### Source records
◆ ◆ ◆ ◆ ◆ ◆ ◆

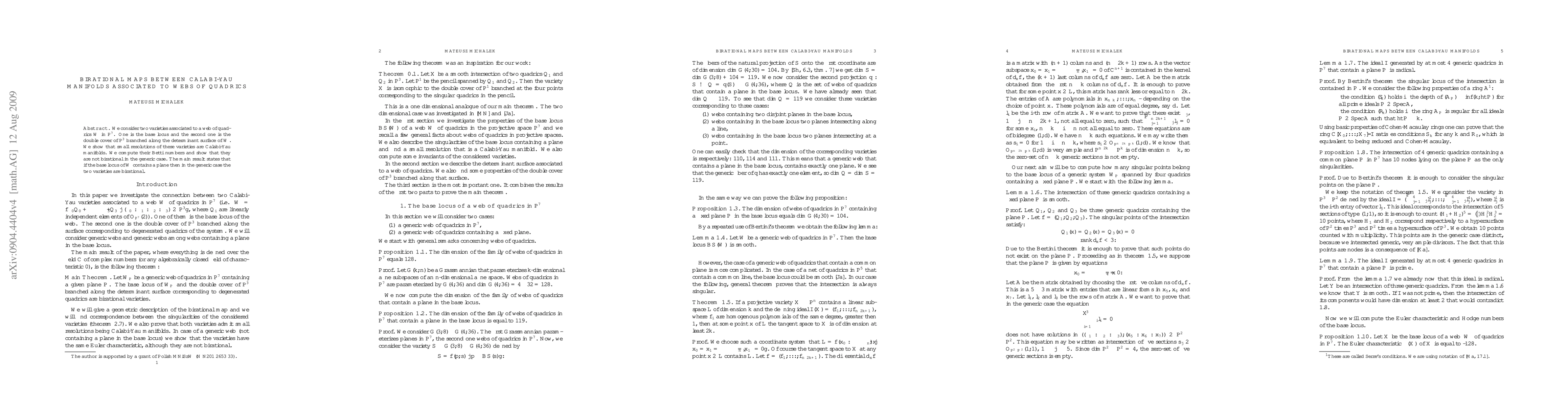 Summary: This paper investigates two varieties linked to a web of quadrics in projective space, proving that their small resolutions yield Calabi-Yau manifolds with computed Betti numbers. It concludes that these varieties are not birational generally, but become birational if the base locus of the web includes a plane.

◆ ◆ ◆ ◆ ◆ ◆ ◆

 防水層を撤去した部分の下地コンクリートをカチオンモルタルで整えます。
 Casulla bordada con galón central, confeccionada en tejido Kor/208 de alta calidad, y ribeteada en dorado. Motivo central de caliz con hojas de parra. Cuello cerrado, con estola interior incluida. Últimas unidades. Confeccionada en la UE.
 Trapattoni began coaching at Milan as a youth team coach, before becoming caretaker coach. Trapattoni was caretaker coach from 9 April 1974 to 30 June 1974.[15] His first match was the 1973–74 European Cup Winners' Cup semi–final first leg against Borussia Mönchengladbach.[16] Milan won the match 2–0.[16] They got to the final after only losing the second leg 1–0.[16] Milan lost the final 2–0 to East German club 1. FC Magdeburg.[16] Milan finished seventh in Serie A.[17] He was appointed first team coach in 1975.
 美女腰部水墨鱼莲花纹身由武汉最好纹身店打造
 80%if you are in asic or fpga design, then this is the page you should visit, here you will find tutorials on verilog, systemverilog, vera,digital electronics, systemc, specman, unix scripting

◆ ◆ ◆ ◆ ◆ ◆ ◆

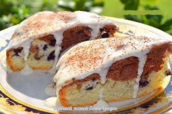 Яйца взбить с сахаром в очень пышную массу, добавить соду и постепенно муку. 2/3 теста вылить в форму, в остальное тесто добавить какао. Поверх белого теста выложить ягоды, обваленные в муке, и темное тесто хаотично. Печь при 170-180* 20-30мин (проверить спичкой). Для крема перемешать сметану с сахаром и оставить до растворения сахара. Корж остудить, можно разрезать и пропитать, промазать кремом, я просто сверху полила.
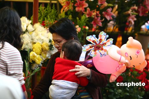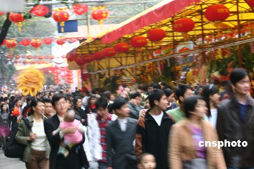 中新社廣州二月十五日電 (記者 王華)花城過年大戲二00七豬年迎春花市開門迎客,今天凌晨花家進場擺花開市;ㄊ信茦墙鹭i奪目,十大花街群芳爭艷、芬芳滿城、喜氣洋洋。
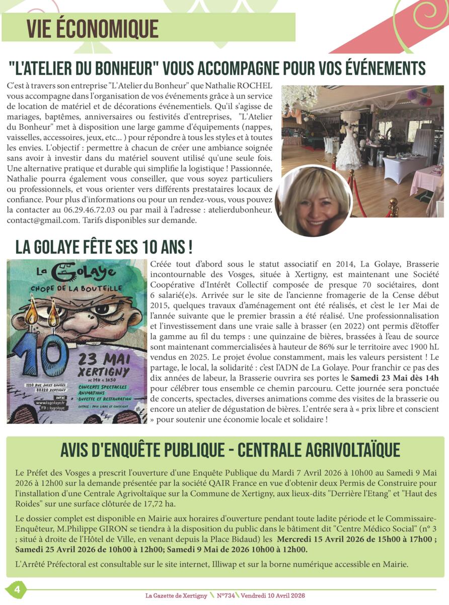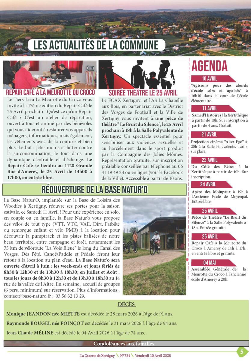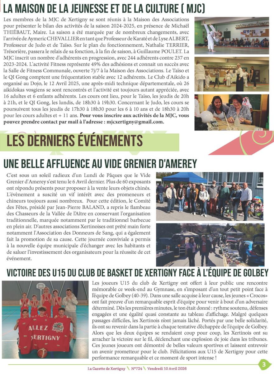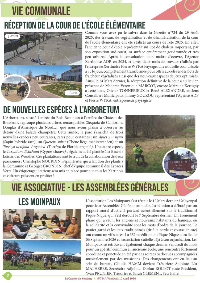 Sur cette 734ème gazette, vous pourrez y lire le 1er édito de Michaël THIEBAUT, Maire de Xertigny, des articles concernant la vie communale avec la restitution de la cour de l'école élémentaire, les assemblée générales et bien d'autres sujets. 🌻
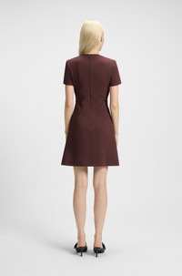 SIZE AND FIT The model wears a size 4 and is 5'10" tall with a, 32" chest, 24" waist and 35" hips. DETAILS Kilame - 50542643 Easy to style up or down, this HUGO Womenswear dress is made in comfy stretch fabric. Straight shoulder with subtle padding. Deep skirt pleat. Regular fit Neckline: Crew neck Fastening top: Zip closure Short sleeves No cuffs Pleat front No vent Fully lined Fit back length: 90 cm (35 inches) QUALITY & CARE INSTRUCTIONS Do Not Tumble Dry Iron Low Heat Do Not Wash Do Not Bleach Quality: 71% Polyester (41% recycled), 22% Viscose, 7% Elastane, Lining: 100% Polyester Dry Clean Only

◆ ◆ ◆ ◆ ◆ ◆ ◆

### Work request
Among the records above, extract exactly the lines from the line with "Casulla bordada con" to the line with "80%if you are", both lines included, and leave out the rest.

### Your response
 Casulla bordada con galón central, confeccionada en tejido Kor/208 de alta calidad, y ribeteada en dorado. Motivo central de caliz con hojas de parra. Cuello cerrado, con estola interior incluida. Últimas unidades. Confeccionada en la UE.
 Trapattoni began coaching at Milan as a youth team coach, before becoming caretaker coach. Trapattoni was caretaker coach from 9 April 1974 to 30 June 1974.[15] His first match was the 1973–74 European Cup Winners' Cup semi–final first leg against Borussia Mönchengladbach.[16] Milan won the match 2–0.[16] They got to the final after only losing the second leg 1–0.[16] Milan lost the final 2–0 to East German club 1. FC Magdeburg.[16] Milan finished seventh in Serie A.[17] He was appointed first team coach in 1975.
 美女腰部水墨鱼莲花纹身由武汉最好纹身店打造
 80%if you are in asic or fpga design, then this is the page you should visit, here you will find tutorials on verilog, systemverilog, vera,digital electronics, systemc, specman, unix scripting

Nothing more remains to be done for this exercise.